I have two main reasons in mind. First, if you are willing to grant that (a) this is a problem that would require humans years of serial research to solve and (b) that it looks much easier to build this into an AI designed from scratch rather than bolting it on to an existing AI design that was created without taking these considerations into account, but you still think that (c) it would be a good plan to have the first-generation FAI solve this problem when building the next-generation FAI, then it seems that you need to assume that the FAI will be much better at AGI design than its human designers before it executes its first self-rewrite, since the human team would by assumption still need years to solve the problem at that point and the plan wouldn’t be particularly helpful if the first-generation FAI would need a similar amount of time or longer. But it seems unlikely to me that we first need to build ultraintelligent machines a la I.J. Good, far surpassing humans, before we can get an intelligence explosion: it seems to me that most of the probability mass should be in the required level of AGI research ability being ⇐ the level of the human research team working on the AGI. I admit that one possible strategy could be to continue having humans improve the initial FAI until it is superintelligent and then ask it to write a successor from scratch, solving the Löbstacle in the process, but it doesn’t seem particularly likely that this is cheaper than solving the problem beforehand.
Second, if we followed this plan, when building the initial FAI we would be unable to use mathematical logic (or other tools sufficiently similar to be subject to the same issues) in a straight-forward way when having it reason about its potential successor. This cuts off a large part of design-space that I’d naturally be looking to. Yes, if we can do it then it’s possible in principle to get an FAI to do it, but mimicking human reasoning doesn’t seem likely to me to be the easiest way to build a safe AGI.
I agree with you that relying on an FAI team to solve a large number of philosophical problems correctly seems dangerous, although I’m sympathetic to Eliezer’s criticism of your outside-view arguments—I essentially agree with your conclusions, but I think I use more inside-view reasoning to arrive at them (would need to think longer to tease this apart). I agree with Paul that something like CEV for philosophy in addition to values should probably part of an FAI design. I agree with you that progress in metaphilosophy would be very valuable, but I do not have any concrete leads to follow.
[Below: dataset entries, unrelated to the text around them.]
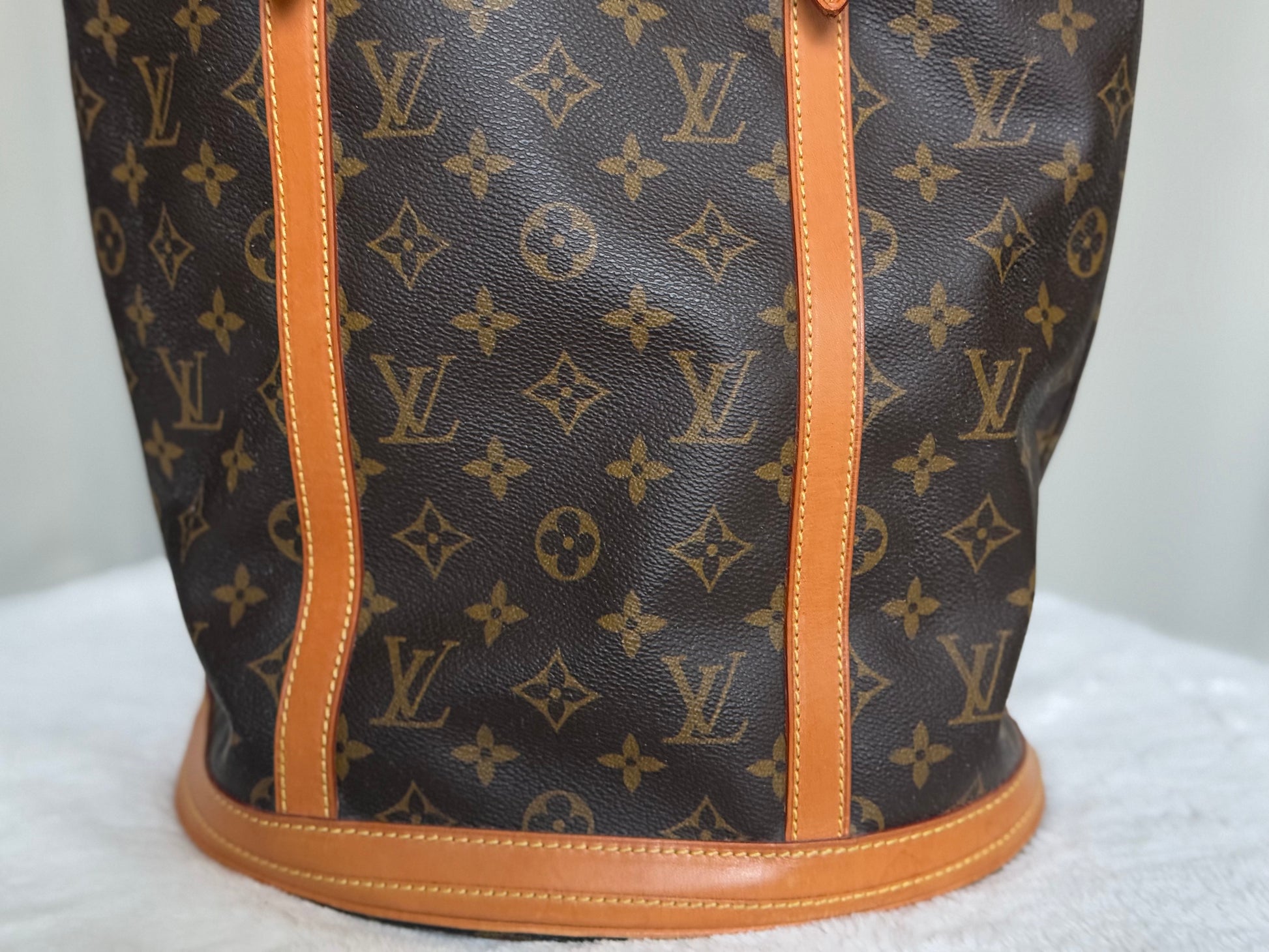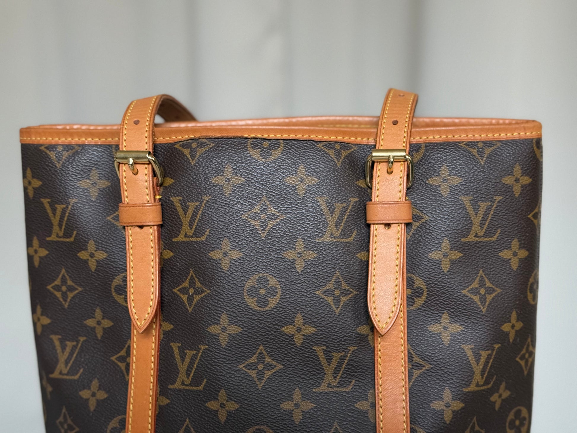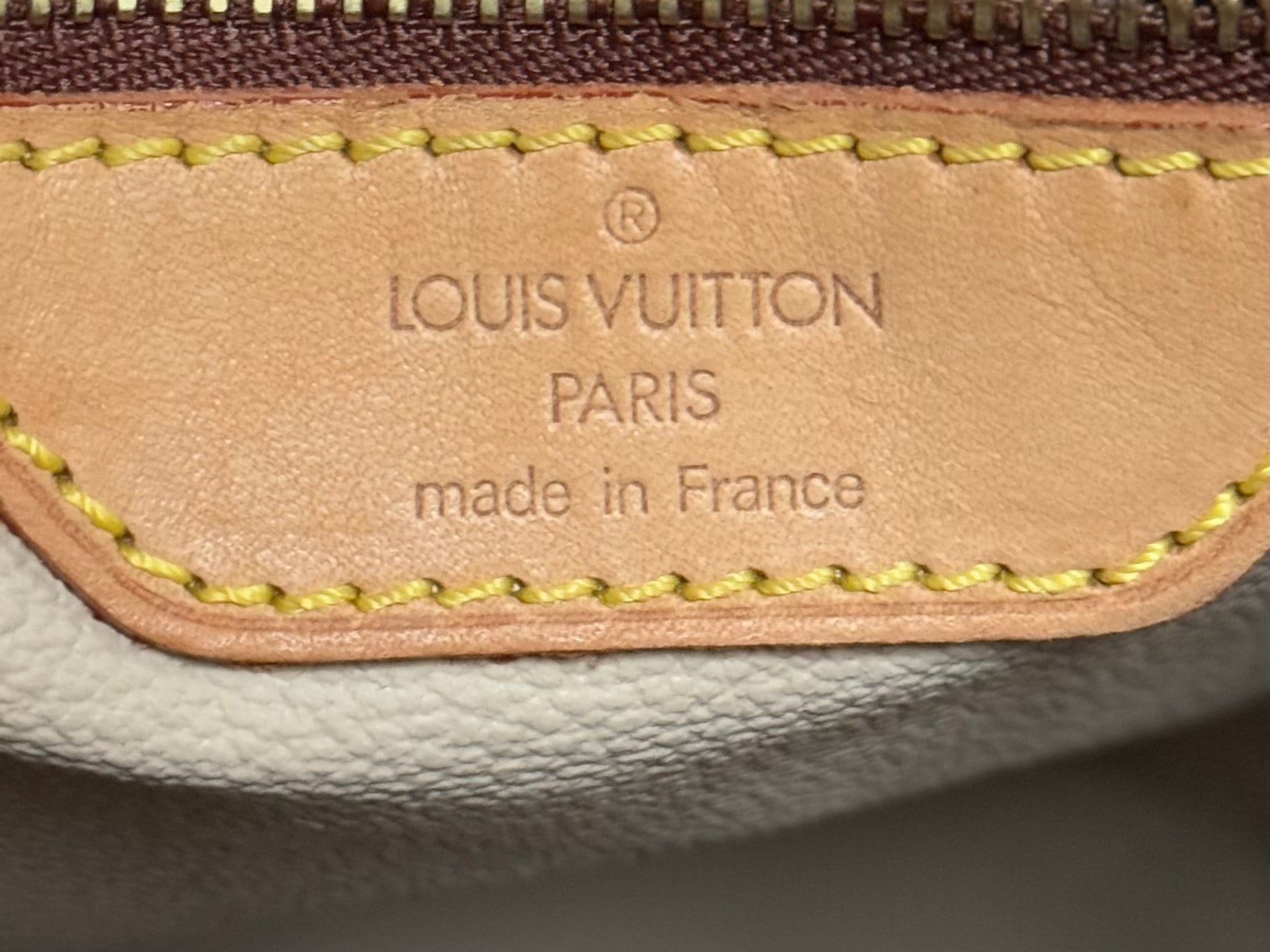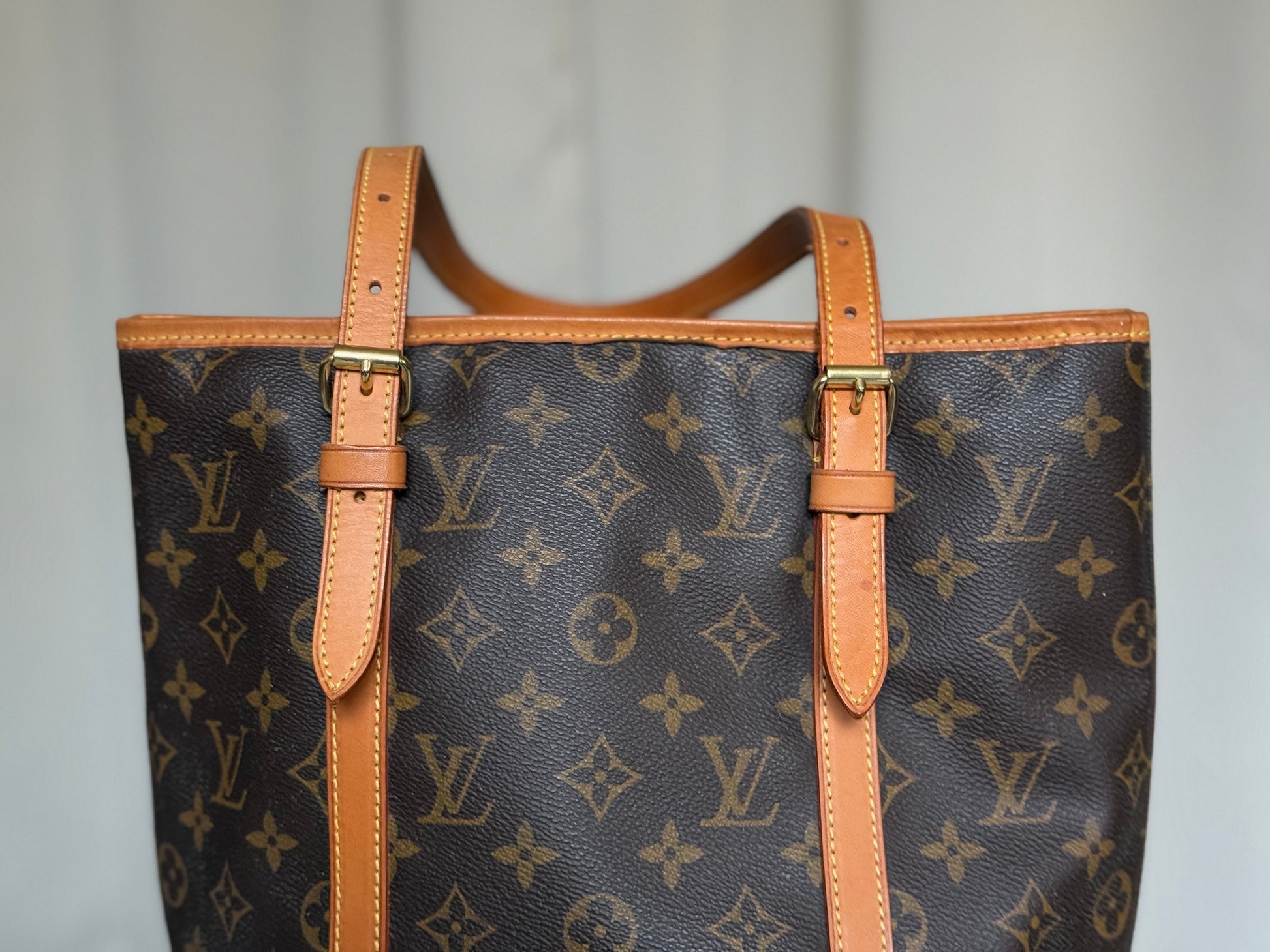The bag is in EXCELLENT condition for her age of 25yo! No flaws on canvas: . Vachetta has lovely patina; trim is solid. Interior has no stickiness, just scuffs and stretched area due to use. Hardware is golden and no tarnish. No offensive odors, comes from pet and smoke free home.
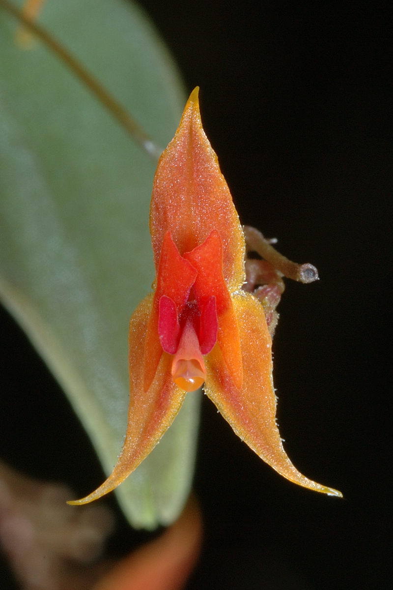 "Characterized by the red and yellow flowers with denticullate, shortly caudate sepals that are borne in short racemes on top of an ovate, shortly acuminate leaf. The upper lobes of the sepals are obliquely truncate with the outer corner elongated. The lobes of the lip are cuneate and spreading to either side of the column. The outer, truncate margin is thickened as rudimentary blades. The appendix is comparitvely large, ovoid and long-pubescent." Luer 1996
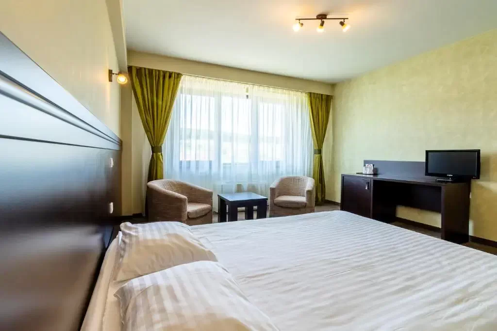 - Hotelul va oferă camere spațioase, parcare generoasa, inclusiv autocare, un restaurant / terasa foarte apreciat de localnici, la doar 7 km de centrul orașului

But I think that having good solutions to some of these problems is not unlikely to be helpful for FAI design (and more helpful to FAI than uFAI) so I still think that some amount of work allocated to these philosophical problems looks like a good thing; and I also think that working on these problems does on average reduce the probability of making a bad mistake even if we manage to have the FAI do philosophy itself and have it checked by “coherent extrapolated philosophy”.
You quoted my earlier comment that I think that making object-level progress is important enough that it seems a net positive despite making AGI research more interesting, but I don’t really feel that your post or the discussion below that contains much in the way of arguments about that—could you elaborate on the connection?